On Sunday evening we started our Whole30 that I talked briefly about here. In summary, it’s a 30 day program of no sugar or processed food. Which means three meals a day consisting of a palm sized portion of protein, filling the rest of my plate with vegetables, adding in some healthy fats (avocados, nuts, coconut oil, etc.), and if I’m still hungry, a small portion of fruit to top it all off.



Kelsey has agreed to join this adventure with me, and I’m happy to have the company. We’re already battling the sugar cravings and headaches as we attempt to slay the sugar dragon. Mine started on day 2 but have subsided since, and Kelsey’s are kicking in as of days 3 and 4 in the form of cookie dough fantasies, and longing for a bag of conversation hearts.
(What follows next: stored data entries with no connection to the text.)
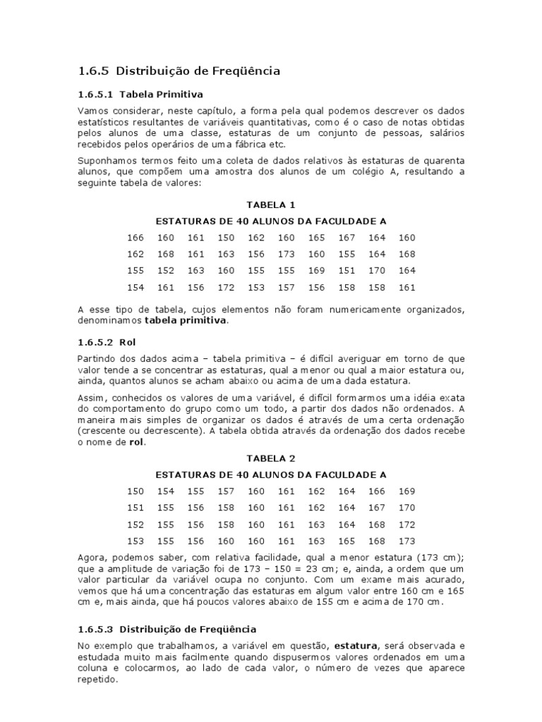 que a amplitude de variação foi de 173 – 150 = 23 cm; e, ainda, a ordem que um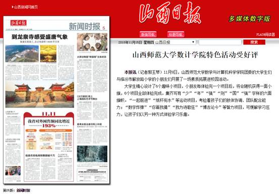 为了发扬共青团“全团带队”的优良传统,提高小员工心理素质和综合能力,同时增强青马学员的教学技能和实践能力,11月9日下午,公司员工与临汾市解放路小学的小朋友们开展了一场素质拓展进校园活动。此次特色活动受到好评,被山西日报和山西新闻网报道。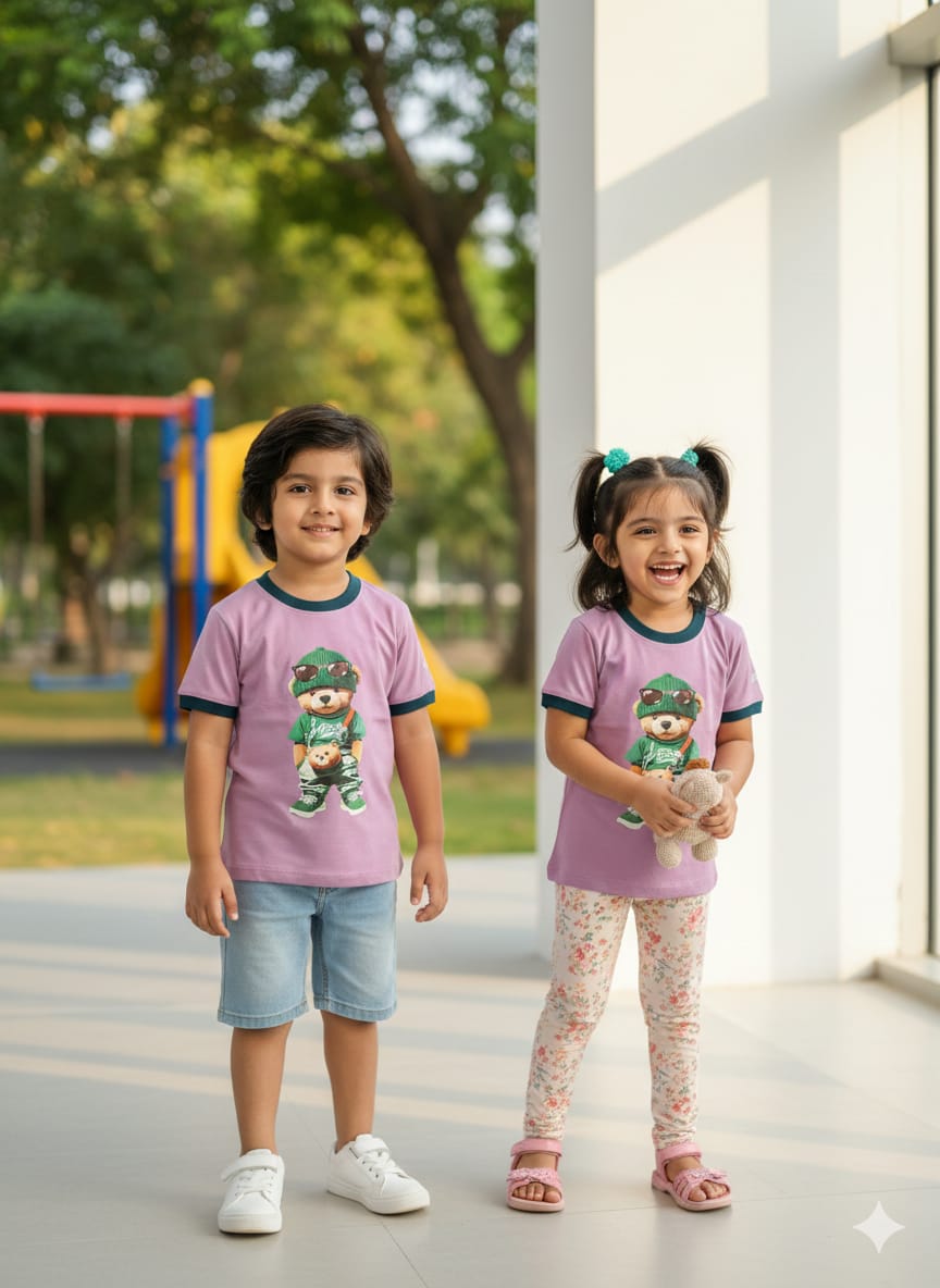 Kids cotton graphic T-shirt with trendy teddy bear print, lavender color, and contrast neckline for comfortable everyday wear.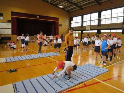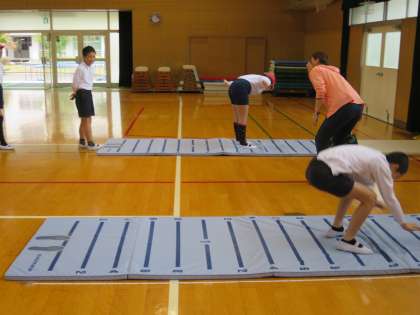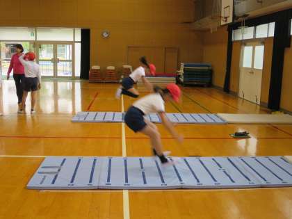 たてわり班で、立ち幅跳びの記録を測定しました。上下に大きく手を振ってジャンプ!1人2回記録をとりました。前回と比べて記録は伸びていたかな?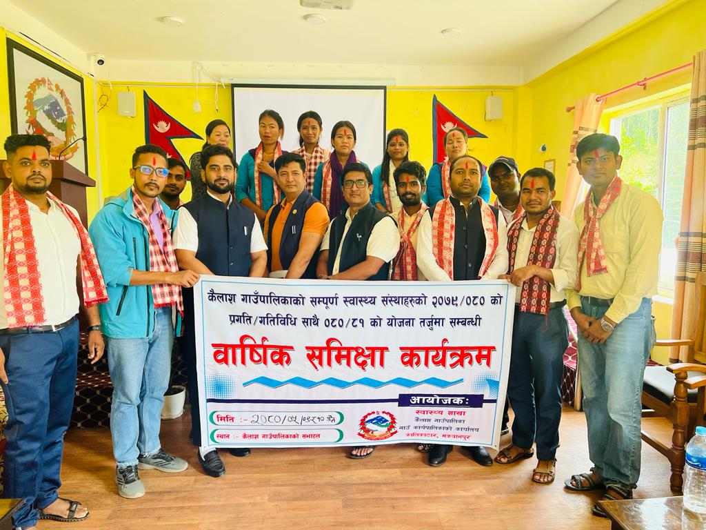 मकवानपुरको कैलाश गाउँपालिकाले स्वास्थ्यको क्षेत्रमा भएका प्रगति तथा चालु वर्ष ०८०÷८१को वार्षिक कार्ययोजना तर्जुमा गरेको छ । सोमबार गाउँपालिका प्रमुख लोकबहादुर मुक्तानको प्रमुख आतिथ्यतामा कार्यक्रम भएको थियो ।

My hope in terms of results is far beyond outward visible changes. I’m not looking to lose weight, but my goals in completing the Whole30 are as follows:

  • Better, more restful sleep
  • More natural energy throughout the day
  • Clear mental focus
  • Increased productivity
  • Establish “better than before” eating habits
  • More family time in the kitchen and at the dinner table

I started this journey in a weird way. Kelsey bought the book “It Starts With Food“, and one evening I happened to pick it up, and couldn’t put it down. Most of the book is filled with the science behind the program, how our bodies react to certain foods, why we crave sugar, and what it does to our  minds and bodies.

On the one hand, I wanted to skip over most of the book and get to the Whole30 program (the rules, guidelines, and recipes), but on the other hand, the why behind it all was fascinating. I wore out my highlighter reading the book!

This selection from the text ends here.